=== Source records ===
- Opening Delimiter -
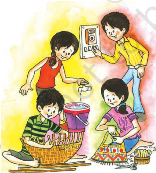
4 संसाधन एवं विकास

सततपोषणीय विकास संसाधनों का सावधानीपूर्वक उपयोग ताकि न केवल वर्तमान पीढ़ी की अपितु भावी पीढ़ियों की आवश्यकताएँ भी पूरी होती रहें।
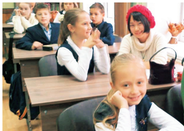
カザン留学中、日本語を学ぶ生徒たちと

私は2年生の後期から10ヶ月間カザン大学に留学しました。カザンは穏やかで美しい街で、物価も安く生活費がそんなにかからないので、留学には最高の環境でした。授業は、文法、語彙、コミュニケーション、発音、手紙の書き方、歌、映画、文学など種類が豊富で、どの授業でもとにかく話すことを求められました。先生たちはとても熱心な人たちばかりで、毎日真剣に授業を受けていれば10ヶ月でも確実に高いレベルのロシア語を身につけることができます。実際、留学前は初心者レベルだった私のロシア語も、留学後にはロシア連邦認定の検定試験ТРКИ第2レベル(ロシアの大学院に入学可能なレベル)まであがりました。学校以外でも、ロシア人の友達との交流や旅行や日々の生活を通して、教科書にはのっていない生のロシア語を身につけることができ、いつのまにかロ
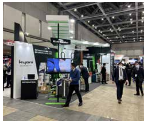
前回(第7回ロボデックス)当社ブース
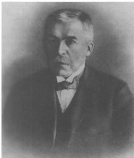
П. Н. Дурново
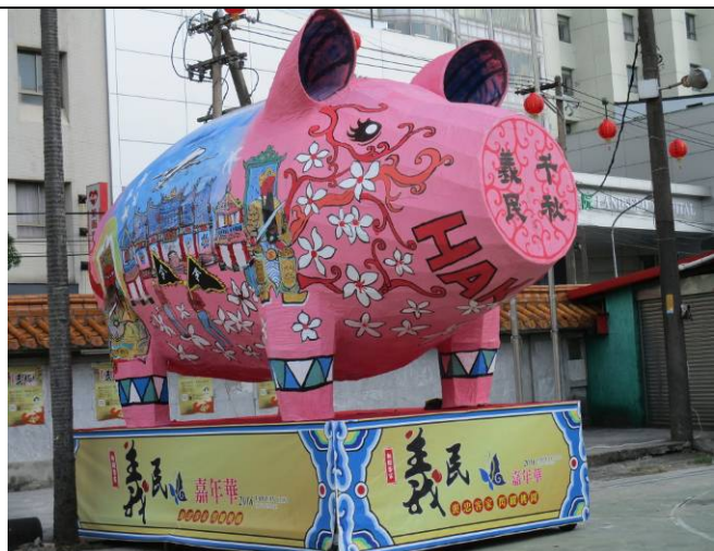
因應動物保護觀念、改紙糊或替代品製作神豬
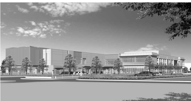
(仮称) 高階地区公共施設完成予想図

しい施設はバリアフリーに配慮され、駐車場も大きくなり、利便性が向上します。また、児童青少年施設や図書館の機能が新たに加わって、同地区に住む皆さんの身近な所で利用できるようになります。 今後は、同地区の自治会活動や生涯学習に関する活動などが、ますます盛んになることが期待されます。 問い合わせ：高階地区公共施設整備推進室高階地区公共施設整備推進担当・TEL内線2871
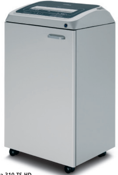
Kobra 310 TS HD

OTOMATİK GERİ ALMA sıkışma halinde otomatik geri alma
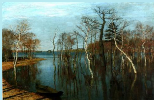
Исаак Левитан. Весна. Большая вода
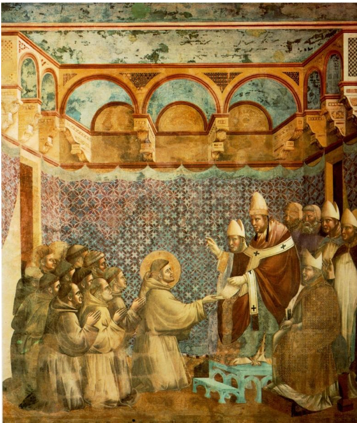
Святой Франциск перед Папой. Утверждение Устава.
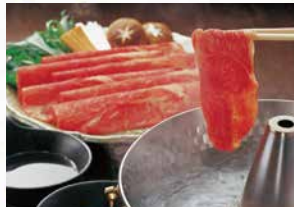
商品番号 商品名 NC-011 黒毛和牛 しゃぶしゃぶ肉 出荷日より冷凍30日
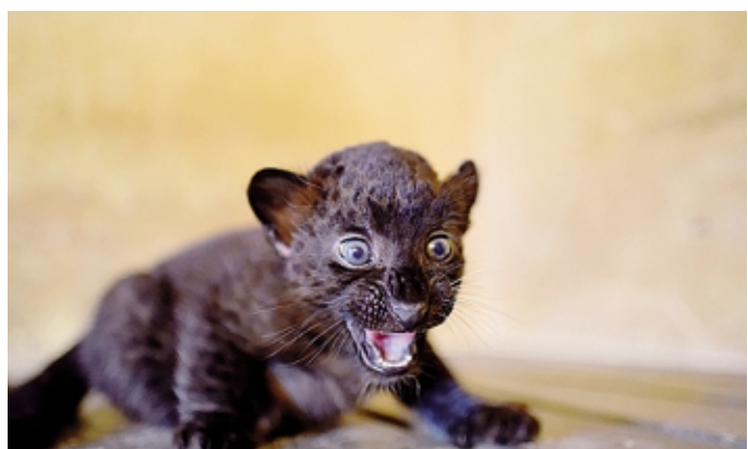
La piccola pantera nata lo scorso 2 luglio alle Cornelle
- Closing Delimiter -
=== Requirement ===
Transcribe exactly, and only, the lines from the one containing "商品番号 商品名 NC-011 黒毛和牛 しゃぶしゃぶ肉 出荷日より冷凍30日" through the last line of the records above, both included; leave out the pictures.

=== Problem solution ===
商品番号 商品名 NC-011 黒毛和牛 しゃぶしゃぶ肉 出荷日より冷凍30日
La piccola pantera nata lo scorso 2 luglio alle Cornelle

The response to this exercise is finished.